** Input material **
- - -
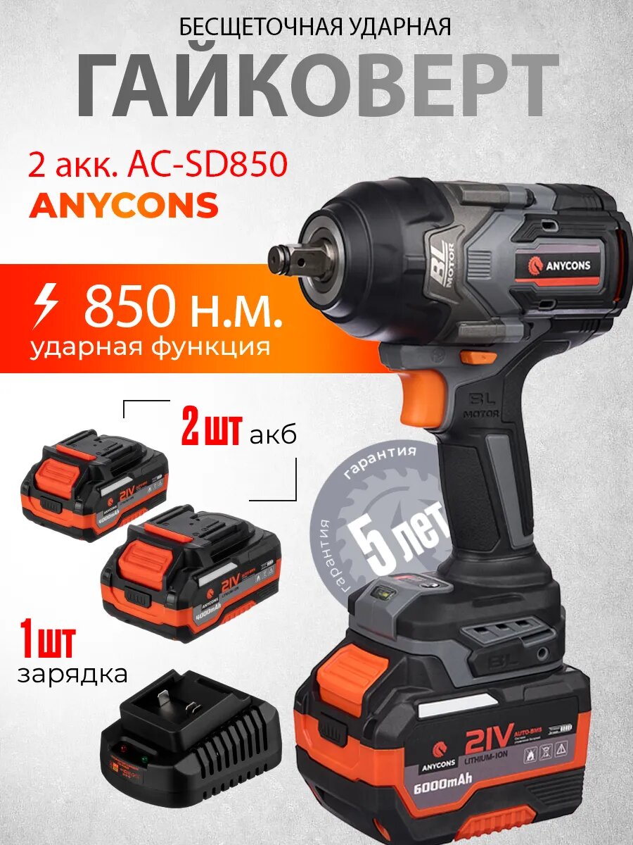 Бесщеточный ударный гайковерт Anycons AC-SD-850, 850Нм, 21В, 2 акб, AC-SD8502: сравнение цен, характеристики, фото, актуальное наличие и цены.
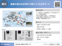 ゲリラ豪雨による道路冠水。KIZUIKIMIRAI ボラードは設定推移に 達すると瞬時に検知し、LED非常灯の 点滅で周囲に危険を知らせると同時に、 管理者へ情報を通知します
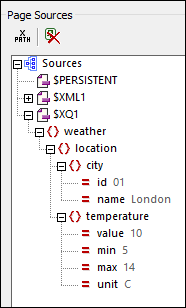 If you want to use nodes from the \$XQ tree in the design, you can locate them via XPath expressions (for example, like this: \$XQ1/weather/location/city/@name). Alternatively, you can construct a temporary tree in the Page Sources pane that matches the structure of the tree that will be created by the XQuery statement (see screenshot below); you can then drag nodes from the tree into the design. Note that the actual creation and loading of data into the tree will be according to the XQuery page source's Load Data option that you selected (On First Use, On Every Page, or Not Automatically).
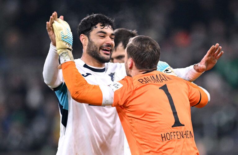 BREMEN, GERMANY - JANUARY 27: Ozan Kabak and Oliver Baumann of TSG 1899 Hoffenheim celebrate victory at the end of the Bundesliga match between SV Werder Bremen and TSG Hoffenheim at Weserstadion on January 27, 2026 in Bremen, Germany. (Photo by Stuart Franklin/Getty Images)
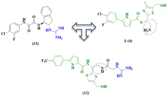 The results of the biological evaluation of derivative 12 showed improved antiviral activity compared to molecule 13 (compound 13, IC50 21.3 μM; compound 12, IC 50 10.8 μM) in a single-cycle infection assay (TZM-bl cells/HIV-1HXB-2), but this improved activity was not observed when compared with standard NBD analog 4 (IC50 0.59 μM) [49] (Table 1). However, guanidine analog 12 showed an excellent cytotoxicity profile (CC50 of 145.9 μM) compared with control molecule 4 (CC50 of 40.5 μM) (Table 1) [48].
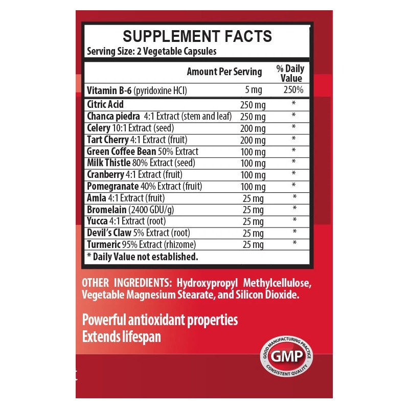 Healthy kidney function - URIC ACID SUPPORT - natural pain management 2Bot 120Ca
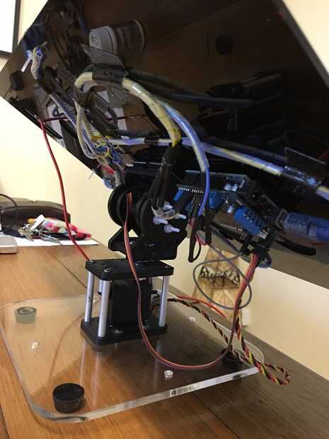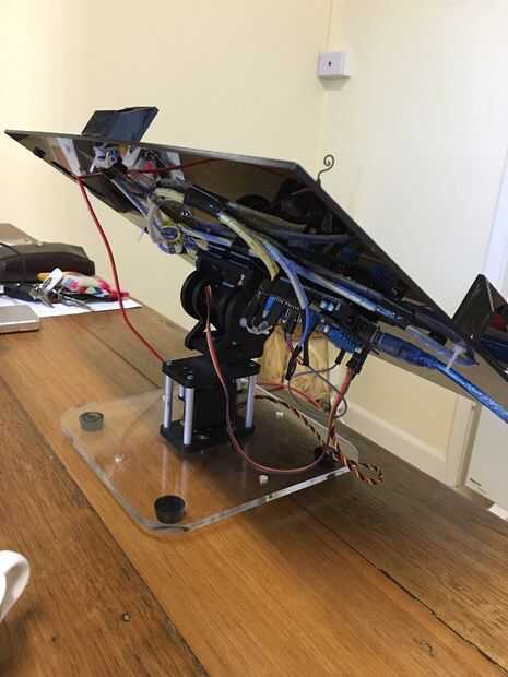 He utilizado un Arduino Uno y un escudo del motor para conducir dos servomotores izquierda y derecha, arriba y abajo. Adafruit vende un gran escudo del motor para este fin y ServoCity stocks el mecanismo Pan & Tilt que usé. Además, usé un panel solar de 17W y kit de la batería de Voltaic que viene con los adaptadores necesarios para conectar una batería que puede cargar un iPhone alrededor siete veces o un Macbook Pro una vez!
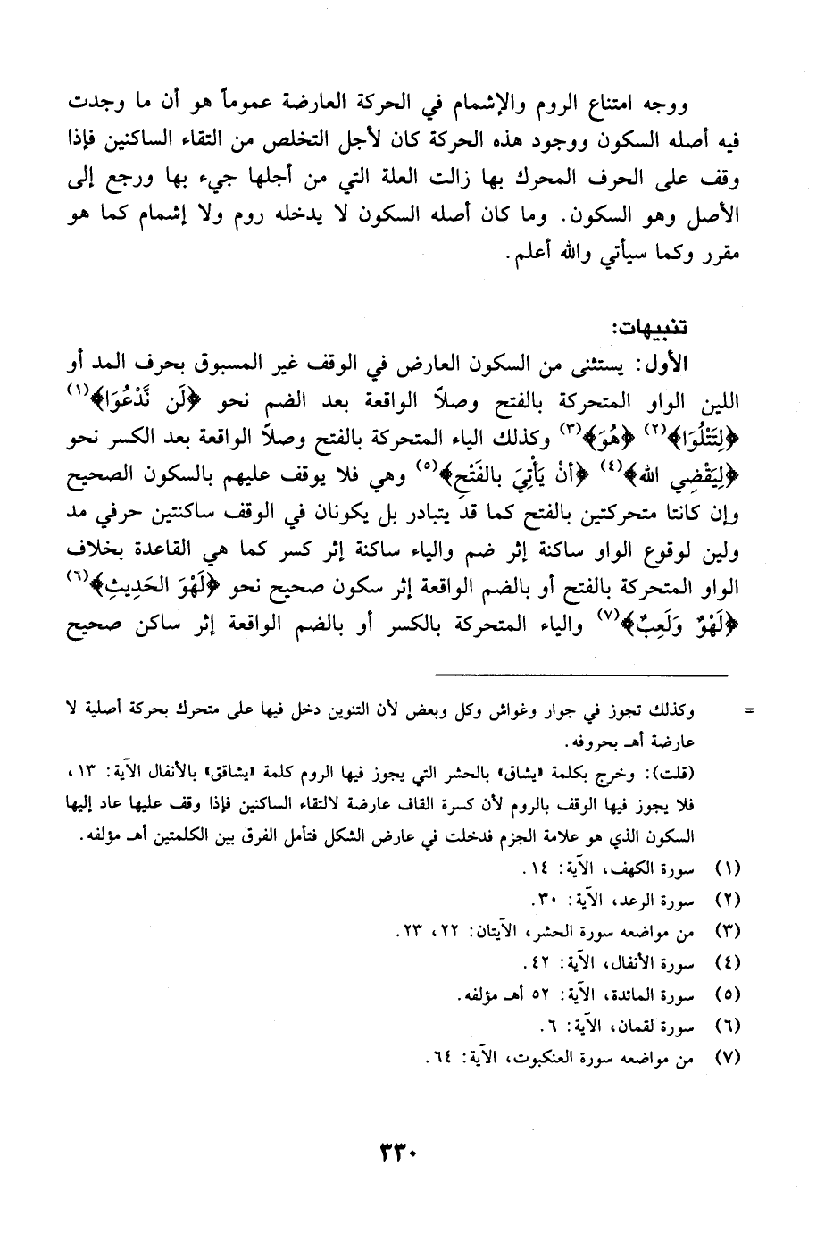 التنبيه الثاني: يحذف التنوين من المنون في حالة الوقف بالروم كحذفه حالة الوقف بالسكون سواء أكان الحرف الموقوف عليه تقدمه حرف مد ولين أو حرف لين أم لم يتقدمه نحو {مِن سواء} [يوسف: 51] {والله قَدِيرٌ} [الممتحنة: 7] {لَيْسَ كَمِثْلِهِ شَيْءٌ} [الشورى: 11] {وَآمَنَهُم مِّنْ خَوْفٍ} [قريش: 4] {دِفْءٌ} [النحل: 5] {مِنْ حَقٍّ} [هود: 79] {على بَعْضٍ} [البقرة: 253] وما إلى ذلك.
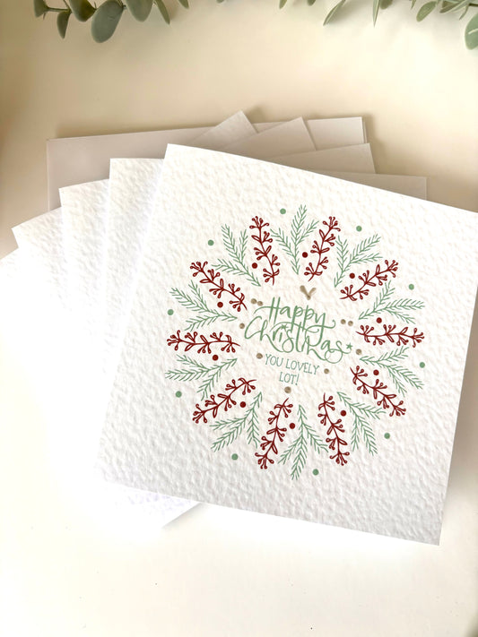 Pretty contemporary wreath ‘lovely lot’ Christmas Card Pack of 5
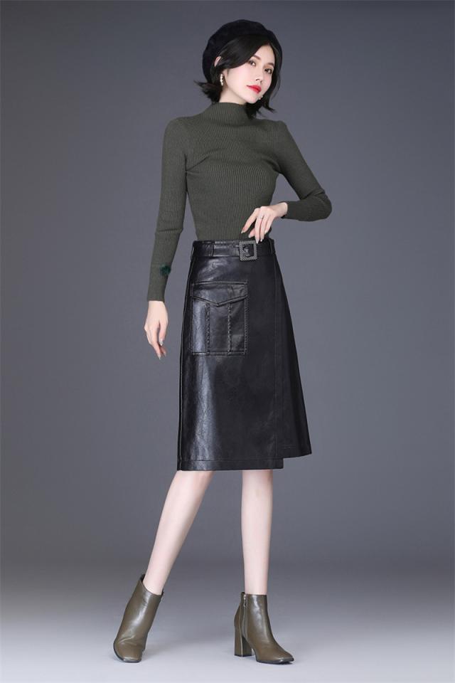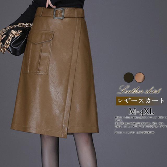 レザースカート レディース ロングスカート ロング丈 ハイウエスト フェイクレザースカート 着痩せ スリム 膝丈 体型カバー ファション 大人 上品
- - -
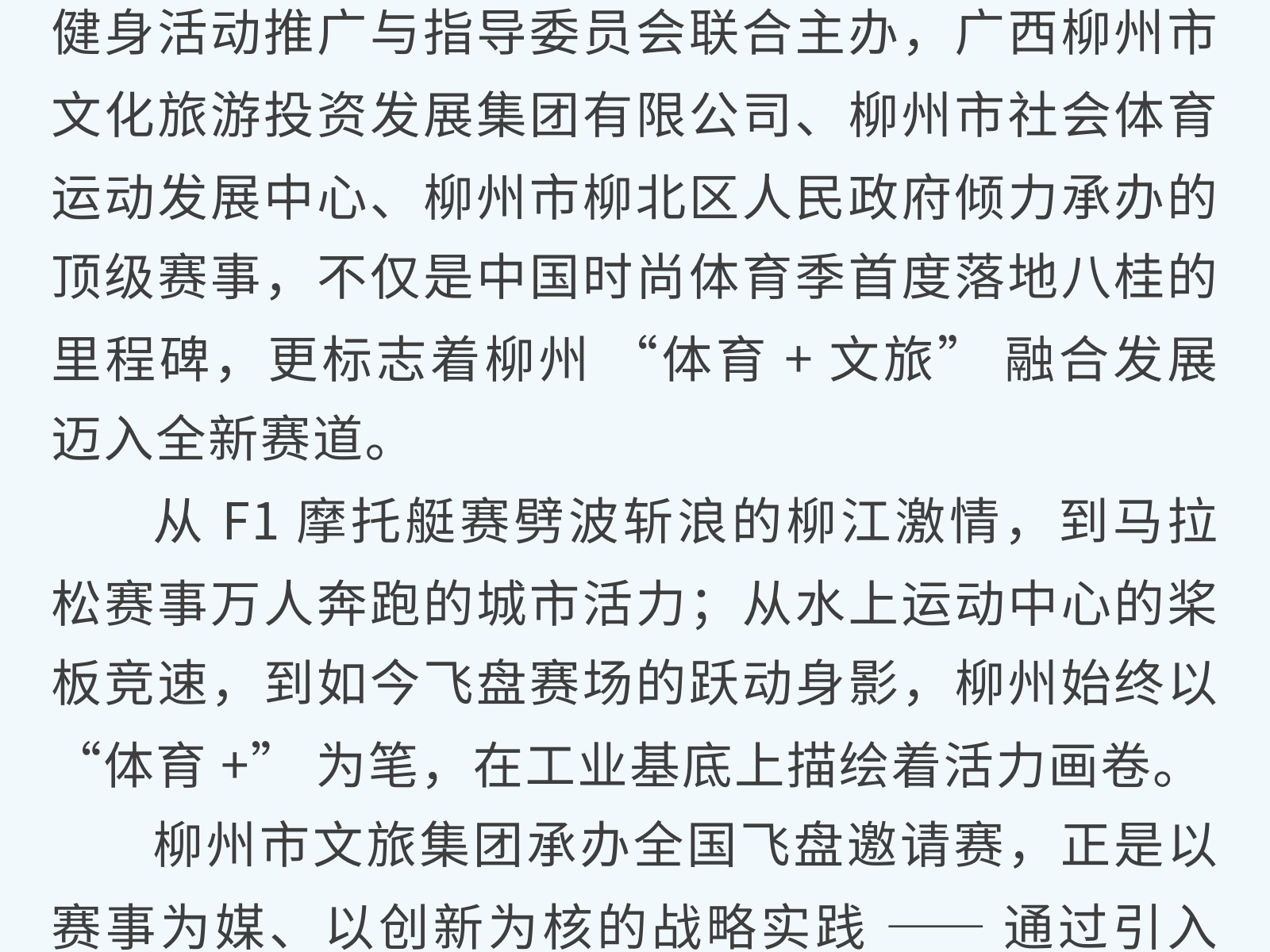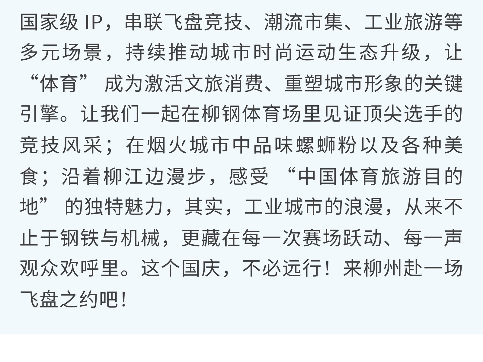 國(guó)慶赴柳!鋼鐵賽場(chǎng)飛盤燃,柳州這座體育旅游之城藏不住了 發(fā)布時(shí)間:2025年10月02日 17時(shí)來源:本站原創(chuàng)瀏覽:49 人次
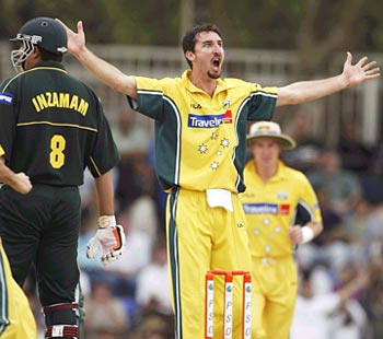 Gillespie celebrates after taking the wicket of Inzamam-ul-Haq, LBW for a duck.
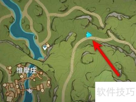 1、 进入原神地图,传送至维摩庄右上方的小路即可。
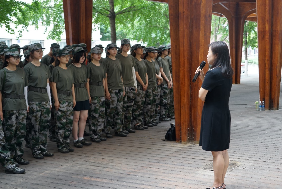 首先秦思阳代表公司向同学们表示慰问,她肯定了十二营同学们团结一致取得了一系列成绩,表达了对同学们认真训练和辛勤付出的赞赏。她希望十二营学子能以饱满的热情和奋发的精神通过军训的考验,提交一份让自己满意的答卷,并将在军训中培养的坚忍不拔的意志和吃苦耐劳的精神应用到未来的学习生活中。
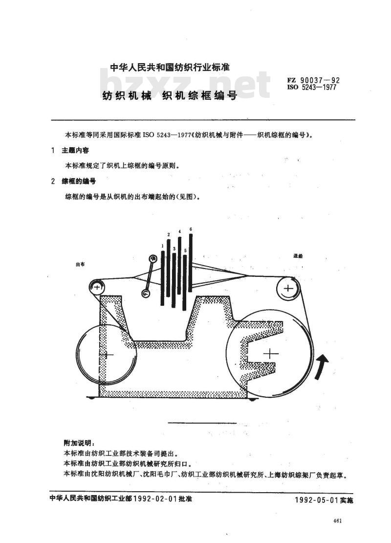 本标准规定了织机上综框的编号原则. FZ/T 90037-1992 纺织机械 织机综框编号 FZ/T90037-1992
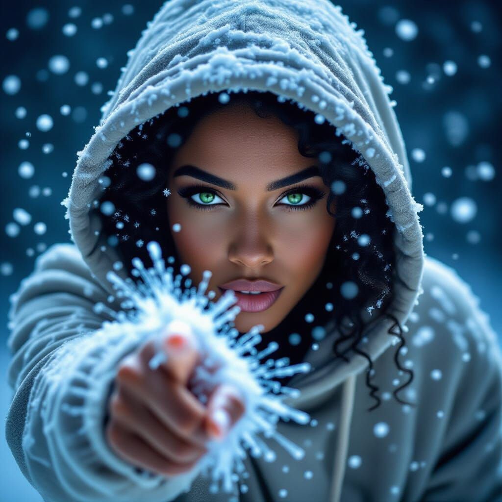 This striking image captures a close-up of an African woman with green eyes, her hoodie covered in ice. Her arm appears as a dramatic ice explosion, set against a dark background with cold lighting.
- - -
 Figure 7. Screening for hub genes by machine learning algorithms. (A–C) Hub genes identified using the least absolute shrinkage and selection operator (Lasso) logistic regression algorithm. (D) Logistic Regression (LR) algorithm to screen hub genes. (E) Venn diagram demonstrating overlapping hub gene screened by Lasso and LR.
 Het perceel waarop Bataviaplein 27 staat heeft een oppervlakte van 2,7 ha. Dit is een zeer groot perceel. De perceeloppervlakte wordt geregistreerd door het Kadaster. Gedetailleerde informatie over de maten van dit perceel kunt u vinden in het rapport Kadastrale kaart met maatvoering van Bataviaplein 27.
- - -
** Exercise goal **
After locating the line containing "Бесщеточный ударный гайковерт" in the entries above, return it and every line after it exactly, ending at the line containing "ゲリラ豪雨による道路冠水。KIZUIKIMIRAI ボラードは設定推移に 達すると瞬時に検知し、LED非常灯の", without pictures.

** Finished exercise **
 Бесщеточный ударный гайковерт Anycons AC-SD-850, 850Нм, 21В, 2 акб, AC-SD8502: сравнение цен, характеристики, фото, актуальное наличие и цены.
 ゲリラ豪雨による道路冠水。KIZUIKIMIRAI ボラードは設定推移に 達すると瞬時に検知し、LED非常灯の 点滅で周囲に危険を知らせると同時に、 管理者へ情報を通知します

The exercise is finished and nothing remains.